Re: [ccp4bb] The importance of USING our validation tools

2007-08-18 Thread Juergen Bosch

Hi Mischa,

I think you are right with ligand structures and it would be very 
difficult if not impossible to distinguish between real measured data 
and faked data. You just need to run a docking program dock the ligand 
calculate new structure factors add some noise and combine that with 
your real data of the unliganded structure.
I'm not an expert, but how would one be able to detect say a molecule 
which is in the order of 300-600 Da within an average protein of perhaps 
40 kDa if it's true data or faked + noise ?


In Germany we have to keep data (data meaning everything, from clones, 
scans of gels, sizing profiles to xray diffraction images etc.) for 10 
years. Not sure how this is in US.


Juergen

Mischa Machius wrote:

I agree. However, I am personally not so much worried about entire protein 
structures being wrong or fabricated. I am much more worried about 
co-crystal structures. Capturing a binding partner, a reaction 
intermediate or a substrate in an active site is often as spectacular an 
achievement as determining a novel membrane protein structure. The 
threshold for over-interpreting densities for ligands is rather low, and 
wishful thinking can turn into model bias much more easily than for a 
protein structure alone; not to mention making honest mistakes. 

Just for plain and basic scientific purposes, it would be helpful every 
now and then to have access to the orginal images. 

As to the matter of fabricating ligand densities, I surmise, that is much 
easier than fabricating entire protein structures. The potential rewards 
(in terms of high-profile publications and obtaining grants) are just as 
high. There is enough incentive to apply lax scientific standards. 

If a simple means exists, beyond what is available today, that can help 
tremendously in identifying honest mistakes, and perhaps a rare 
fabrication, I think it should seriously be considered. 

Best - MM 





On Sat, 18 Aug 2007, George M. Sheldrick wrote: 

 

There are good reasons for preserving frames, but most of all for the 
crystals that appeared to diffract but did not lead to a successful 
structure solution, publication, and PDB deposition. Maybe in the future 
there will be improved data processing software (for example to integrate 
non-merohedral twins) that will enable good structures to be obtained from 
such data. At the moment most such data is thrown away. However, forcing 
everyone to deposit their frames each time they deposit a structure with 
the PDB would be a thorough nuisance and major logistic hassle. 

It is also a complete illusion to believe that the reviewers for Nature 
etc. would process or even look at frames, even if they could download 
them with the manuscript. 

For small molecules, many journals require an 'ORTEP plot' to be submitted 
with the paper. As older readers who have experienced Dick Harlow's 'ORTEP 
of the year' competition at ACA Meetings will remember, even a viewer 
with little experience of small-molecule crystallography can see from the 
ORTEP plot within seconds if something is seriously wrong, and many 
non-crystallographic referees for e.g. the journal Inorganic Chemistry 
can even make a good guess as to what is wrong (e.g wrong element assigned 
to an atom). It would be nice if we could find something similar for 
macromolecules that the author would have to submit with the paper. One 
immediate bonus is that the authors would look at it carefully 
themselves before submitting, which could lead to an improvement of the 
quality of structures being submitted. My suggestion is that the wwPDB 
might provide say a one-page diagnostic summary when they allocate each 
PDB ID that could be used for this purpose. 

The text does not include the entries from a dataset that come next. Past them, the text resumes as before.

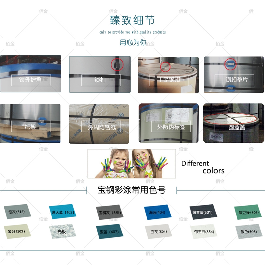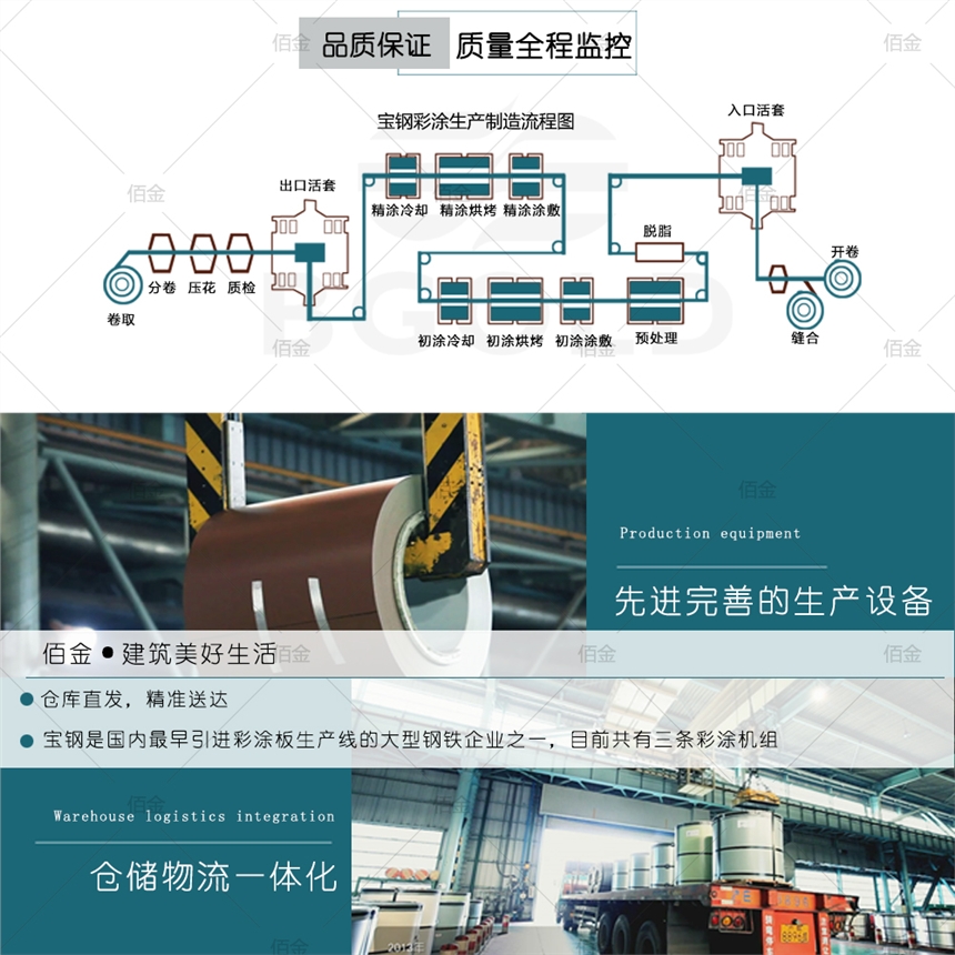 宝钢彩钢板采用的是高膜厚≥20μm,高镀层的技术指标,对产品质量进行严格管控,同时采用高品质的涂料,大大的增加了彩板的使用年限。
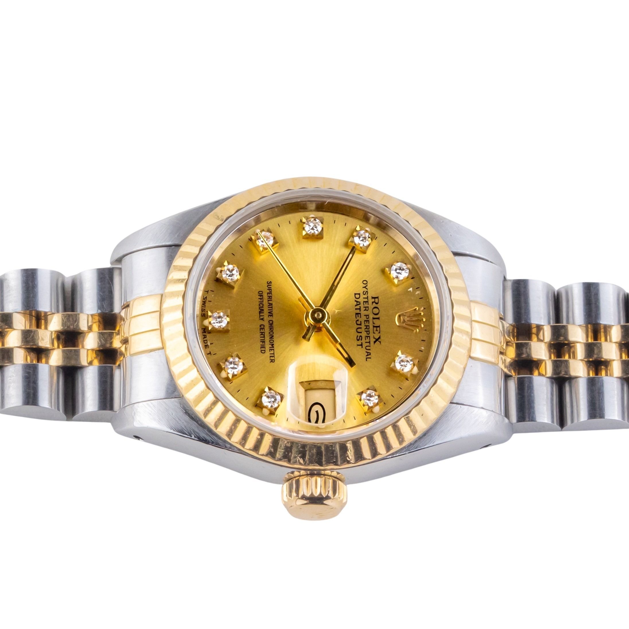Rolex Oyster Perpetual Lady-Datejust Referência 69173 de 1991 com conjunto completo. A Lady-Datejust 69173 mede 26 mm e possui uma caixa em ouro e aço inoxidável, pulseira Jubilee bicolor e bezel estriado em ouro 14k. Esta Lady-Datejust 69173 tem um movimento automático calibre 2135 com função de data Quickset, cristal de safira resistente a arranhões e um mostrador champanhe com índices de diamante.
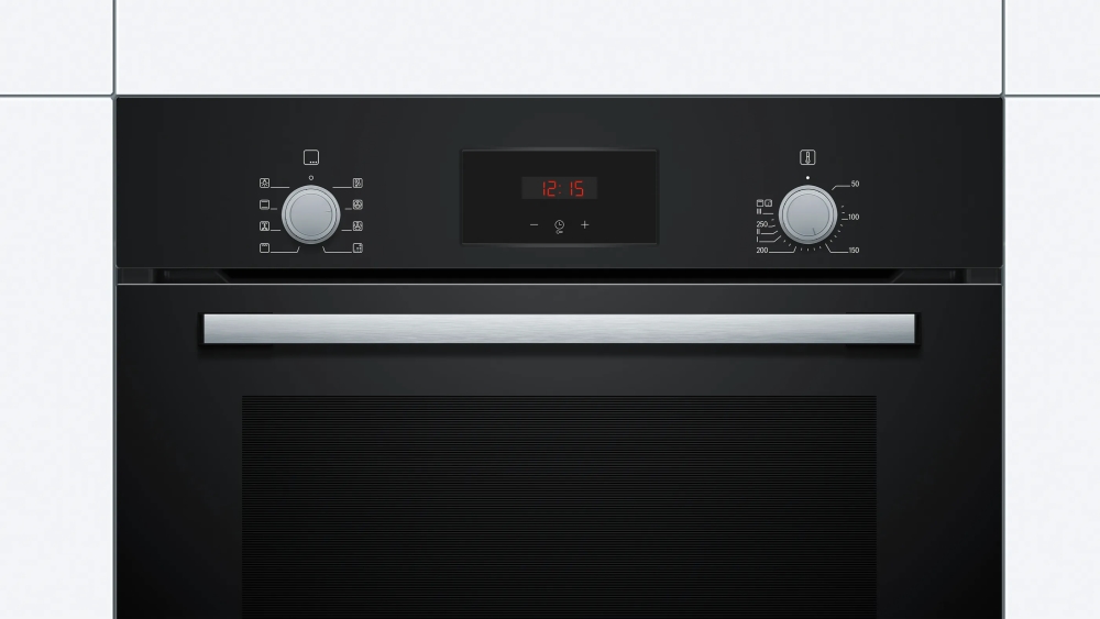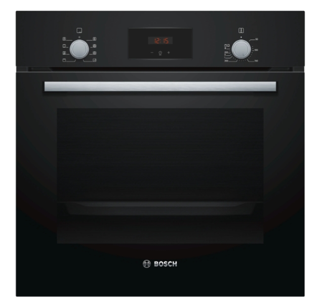 Oven, Bosch HBF153BB0, SER2, 3D HotAir, EcoClean Direct, 66 l, LED display with sinking buttons, Energy efficiency A, Black

A good first pass at this would be the output that the MolProbity server 
http://molprobity.biochem.duke.edu/ sends when is given a PDB file. It 
starts with a few lines of summary in which bad things are marked red 
and the structure is assigned to a pecentile: a percentile of 6% means 
that 93% of the sturcture in the PDB with a similar resolution are 
'better' and 5% are 'worse'. This summary can be understood with very 
little crystallographic background and a similar summary can 
of course be produced for NMR structures. The summary is followed by 
diagnostics for each residue, normally if the summary looks good it 
would not be necessary for the editor or referee to look at the rest. 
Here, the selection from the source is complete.